What the exercise asks: The pictures stay out. Please retype every line below exactly.
Extracted material section start
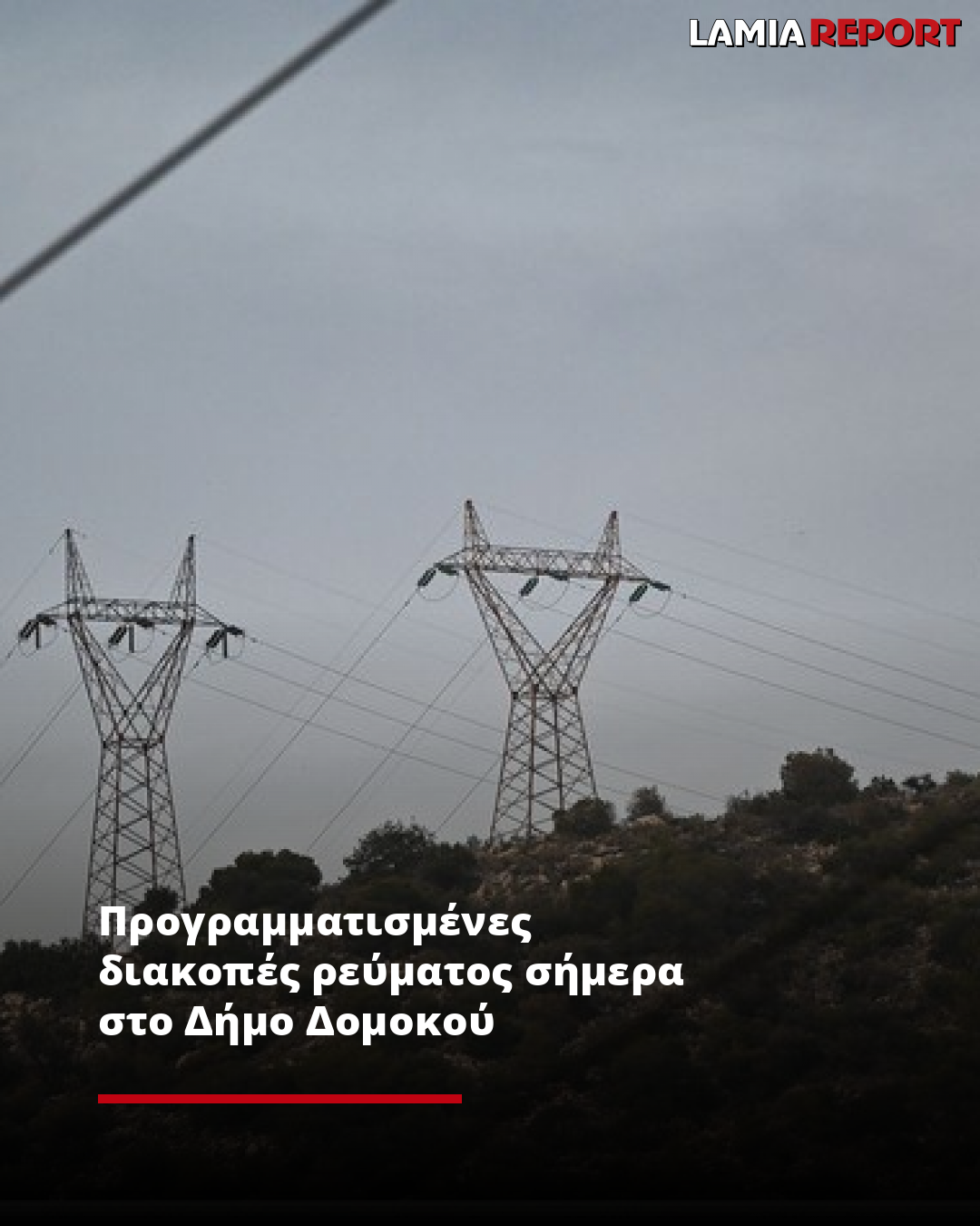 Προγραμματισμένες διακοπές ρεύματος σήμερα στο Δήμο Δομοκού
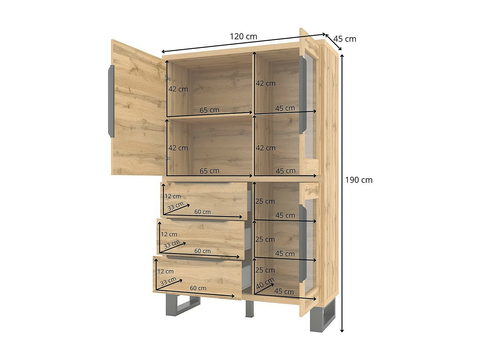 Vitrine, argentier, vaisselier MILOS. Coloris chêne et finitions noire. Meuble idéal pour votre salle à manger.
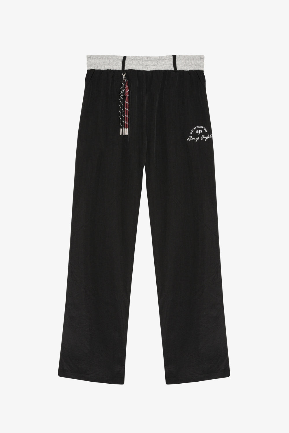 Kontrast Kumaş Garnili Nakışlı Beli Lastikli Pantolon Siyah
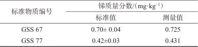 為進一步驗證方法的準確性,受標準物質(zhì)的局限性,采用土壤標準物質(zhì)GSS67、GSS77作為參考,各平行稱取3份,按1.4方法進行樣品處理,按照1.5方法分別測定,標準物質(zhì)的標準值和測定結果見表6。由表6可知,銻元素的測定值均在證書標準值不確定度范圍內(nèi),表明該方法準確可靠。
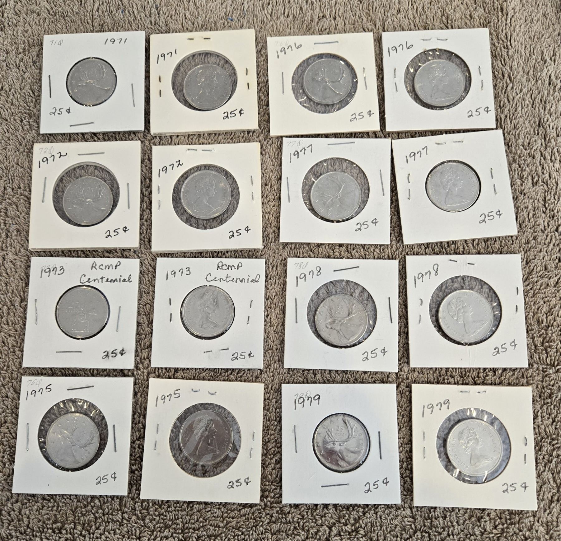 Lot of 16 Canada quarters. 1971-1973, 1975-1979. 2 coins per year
Extracted material section end
Task solution:
 Προγραμματισμένες διακοπές ρεύματος σήμερα στο Δήμο Δομοκού
 Vitrine, argentier, vaisselier MILOS. Coloris chêne et finitions noire. Meuble idéal pour votre salle à manger.
 Kontrast Kumaş Garnili Nakışlı Beli Lastikli Pantolon Siyah
 為進一步驗證方法的準確性,受標準物質(zhì)的局限性,采用土壤標準物質(zhì)GSS67、GSS77作為參考,各平行稱取3份,按1.4方法進行樣品處理,按照1.5方法分別測定,標準物質(zhì)的標準值和測定結果見表6。由表6可知,銻元素的測定值均在證書標準值不確定度范圍內(nèi),表明該方法準確可靠。
 Lot of 16 Canada quarters. 1971-1973, 1975-1979. 2 coins per year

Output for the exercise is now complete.